In the 2012 NFIB v. Sebelius decision on Obamacare, for instance, Roberts joined the leftists on the court to uphold the Affordable Care Act (ACA), with the chief justice ruling that the federal government has the power to force citizens to purchase health insurance under its power to tax.

“The Affordable Care Act is constitutional in part and unconstitutional in part. The individual mandate cannot be upheld as an exercise of Congress’s power under the Commerce Clause,” Roberts wrote. “In this case, however, it is reasonable to construe what Congress has done as increasing taxes on those who have a certain amount of income, but choose to go without health insurance. Such legislation is within Congress’s power to tax.”

The faulty legal reasoning was not Roberts’ original position on the matter. According to “The Chief,” a book written by longtime SCOTUS reporter Joan Biskupic, Roberts initially had sided with his conservative colleagues in striking down Obamacare, “on the grounds that it went beyond Congress’s power to regulate interstate commerce.”

Fears over potential public blowback for such a decision, however, prompted Roberts to operate as a politician, with Biskupic noting how “he felt ‘torn between his heart and his head'” over striking down the ACA.

“After trying unsuccessfully to find a middle way with [Justice Anthony] Kennedy, who was ‘unusually firm’ and even ‘put off’ by the courtship, Roberts turned to the Court’s two moderate liberals, Stephen Breyer and Elena Kagan,” a review of the book published in The Atlantic reads. “The threesome negotiated a compromise decision that upheld the ACA’s individual mandate under Congress’s taxing power, while striking down the Medicaid expansion.”

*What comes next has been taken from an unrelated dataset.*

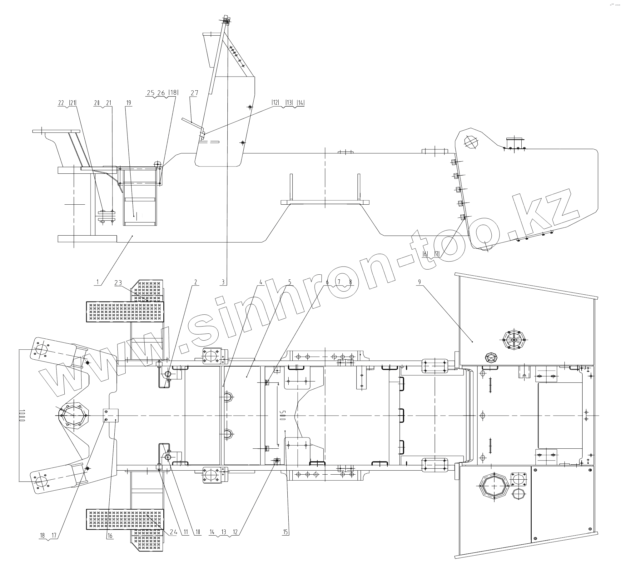 Каталог запасных частей к технике: LiuGong CLG-618. 30E0465 CLG618 Rear Frame Assembly
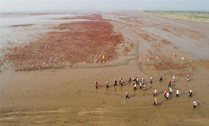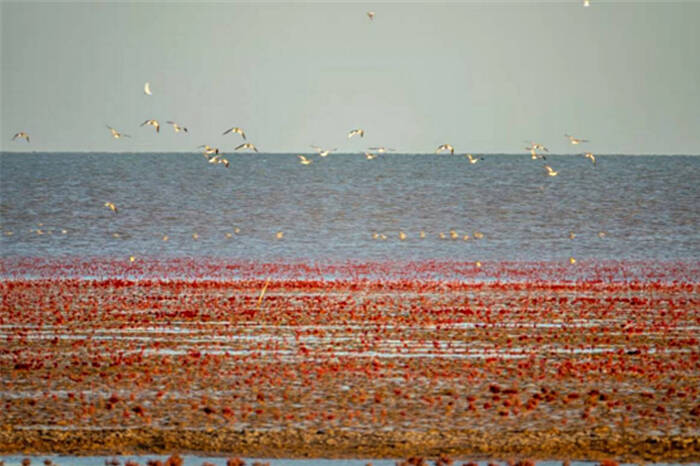 据了解,形成如此美丽景观的黄须菜,学名碱蓬,又名翅碱蓬、黄茎菜,自春至秋由绿变红。每年进入农历八月,都会迎来黄须菜一年中最红的季节。深红色碱蓬簇成的“红地毯”上空,一群群鸟儿不时掠过。鲜艳的“红毯”绵延不绝,其间或点缀绿色的芦苇,或停留驻足觅食的鸥鸟,处处洋溢着浪漫风情。

The book seemingly confirms reporting from CBS News’ Jan Crawford, who in her 2012 story of Roberts’ Obamacare flip-flop noted how the chief justice “pays attention to media coverage” and “is sensitive to how the court is perceived by the public.”

While Roberts may have thought his last-minute switch to save Obamacare was a bid to maintain peace in politics, it actually did the exact opposite. Roberts’ spinelessness in the 2012 ACA decision was not only unconstitutional garbage, but it also revealed to the neo-Marxist left that the court can be influenced in high-profile cases if there’s enough public outcry waiting in the wings.

With the leak of the purported Dobbs opinion now public, Roberts’ actions have placed a target on the backs of his conservative colleagues, with threats of violence and harassment from leftists on the way. Whether he wants to believe it or not, his decision to play politician has jeopardized the independence of the court for years to come.